Kurs EUR/USD rośnie 3. kolejny dzień, odreagowując spadki z piątku i poniedziałku, wywołane m.in. bardzo dobrymi piątkowymi danymi z rynku pracy w USA. I jakkolwiek ten zwrot w górę na eurodolarze miał miejsce z poziomu linii hossy łączącej dołki z września 2022 roku i października 2023 roku, to póki co jest jeszcze zbyt słaby, żeby uznać go za trwały. Na tę chwilę to tylko zwykła wzrostowa korekta, po zakończeniu której powinien zostać przeprowadzony kolejny atak na wspomnianą linię hossy. Jeżeli on się powiedzie to eurodolar szybko spadnie w okolicę 1,06.

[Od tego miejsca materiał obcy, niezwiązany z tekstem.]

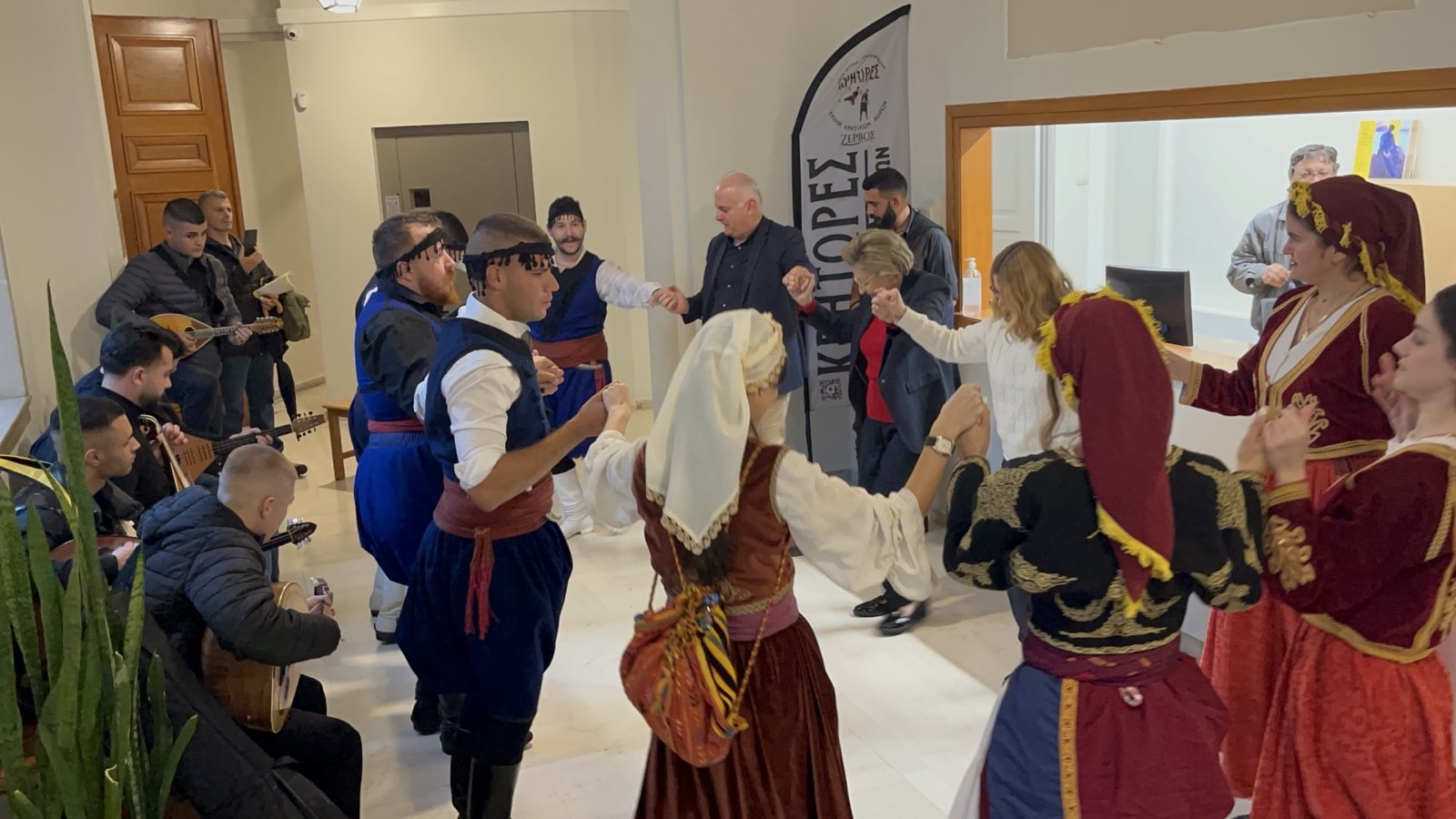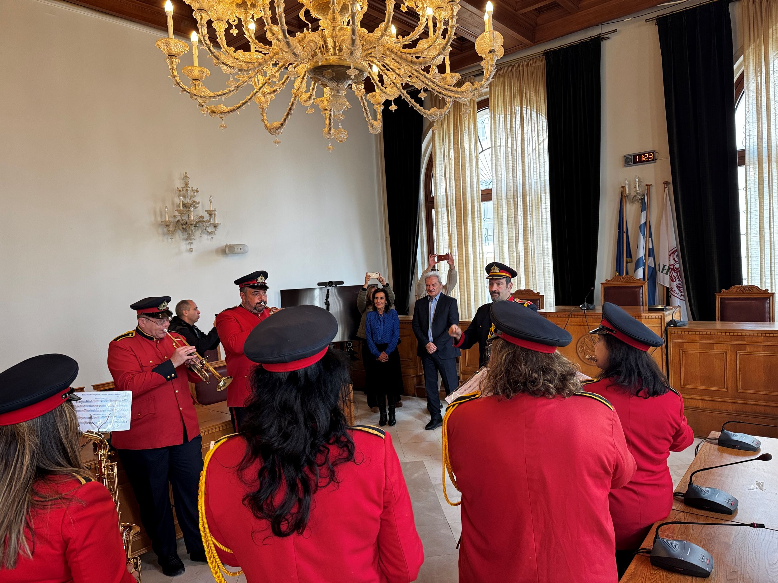 Νωρίτερα, ο Δήμαρχος Ηρακλείου είχε υποδεχθεί μαζί με τους Αντιδημάρχους Τάσο Τσατσάκη, Ρένα Παπαδάκη, Γιώργο Αγριμανάκη καθώς και τη Γενική Γραμματέα του Δήμου Μαρία Σκραφνάκη, τους μουσικούς της ΣΕΑΠ, τη Σχολή Κρητικού Χορού Κρήτωρες, τη Φιλαρμονική Ορχήστρα του Δήμου Ηρακλείου και το Λύκειο Ελληνίδων που πλημμύρισαν τη Λότζια με εορταστικές πρωτοχρονιάτικες μελωδίες και κάλαντα. Ο Αλέξης Καλοκαιρινός εξέφρασε τις ευχαριστίες του και αντάλλαξε ευχές με την Πρόεδρο του Λυκείου Ελληνίδων Ηρακλείου και Προϊσταμένη της Διαχειριστικής Αρχής Μαρία Κασωτάκη, τον Αρχιμουσικό της Φιλαρμονικής Λεωνίδα Τζωρτζάκη καθώς και με όλες και όλους, μικρούς και μεγάλους, για υγεία και ευημερία για το νέο έτος.

Układ sił na wykresie dziennym EUR/USD uległby zmianie dopiero z chwila powrotu kursu powyżej 1,0830, gdzie podwójny opór tworzy połowa długiej spadkowej świecy z piątku i 200-sesyjna średnia. Wtedy ryzyko przebicia w najbliższym czasie opisanej linii hossy znacząco by spadło. Jednocześnie sam powrót powyżej 1,0830 nie będzie jeszcze zapowiedzią powrotu EUR/USD do wzrostów. Tak stałoby się dopiero w momencie wybicia górą z ponad miesięcznego kanału spadkowego, którego górne ograniczenie znajduje się teraz na poziomie 1,0855, potwierdzone następnie przez przebicie 50-dniowej średniej (1,0890).